Data excerpt:
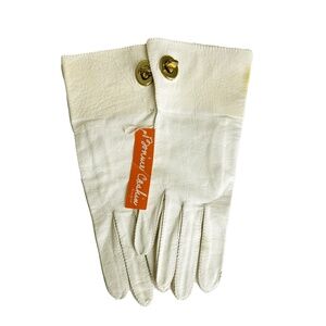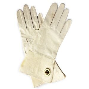 Preowned, vintage Bonnie Cashin for Crescendoe Superb leather gloves, likely made in the late 60s. Made from butter soft creme-hued leather, these incredibly rare gloves feature Bonnie's signature brass turn lock fasteners at the wrist, which keeps them from slipping off, while also adding a chic and stylish design element!
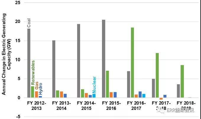 印度年度裝機(jī)容量變化,按來源劃分(從2012~2013財(cái)年到2018~2019財(cái)年)
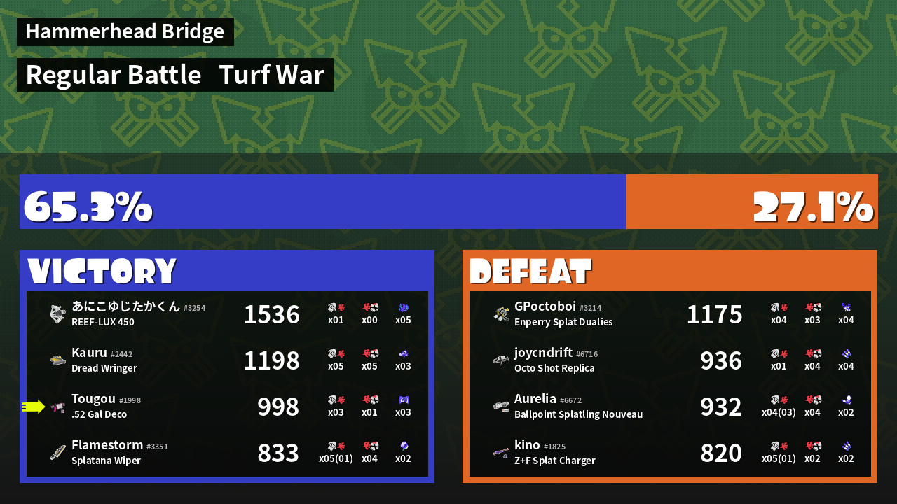 | Weapon | .52 Gal Deco ( Curling Bomb / Splattercolor Screen) | ||
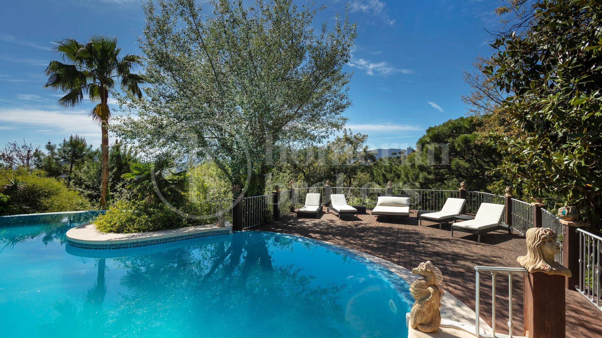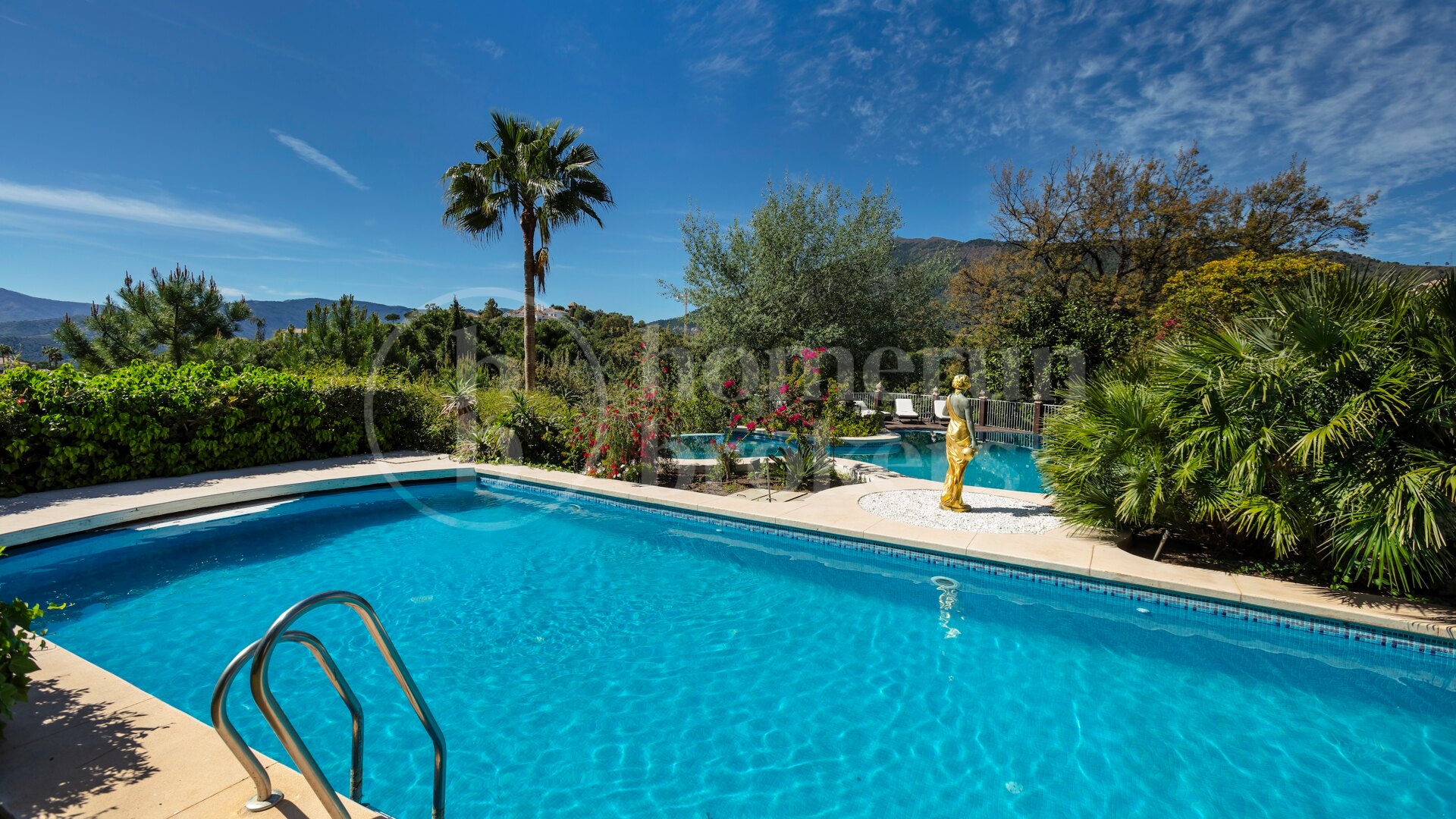 Fastigheten är nordvänd, vilket ger naturlig svalka under sommaren, medan trädgården och terrasserna erbjuder både soliga och skuggiga platser under dagen. Utomhus finns två privata pooler, en jacuzzi, och rymliga ytor för solbad, middagar och avkoppling med spektakulär utsikt.

Aim of the task: Your reply should consist of the data, transcribed exactly, and should hold no pictures.

Solution for this problem:
 Preowned, vintage Bonnie Cashin for Crescendoe Superb leather gloves, likely made in the late 60s. Made from butter soft creme-hued leather, these incredibly rare gloves feature Bonnie's signature brass turn lock fasteners at the wrist, which keeps them from slipping off, while also adding a chic and stylish design element!
 印度年度裝機(jī)容量變化,按來源劃分(從2012~2013財(cái)年到2018~2019財(cái)年)
 | Weapon | .52 Gal Deco ( Curling Bomb / Splattercolor Screen) | ||
 Fastigheten är nordvänd, vilket ger naturlig svalka under sommaren, medan trädgården och terrasserna erbjuder både soliga och skuggiga platser under dagen. Utomhus finns två privata pooler, en jacuzzi, och rymliga ytor för solbad, middagar och avkoppling med spektakulär utsikt.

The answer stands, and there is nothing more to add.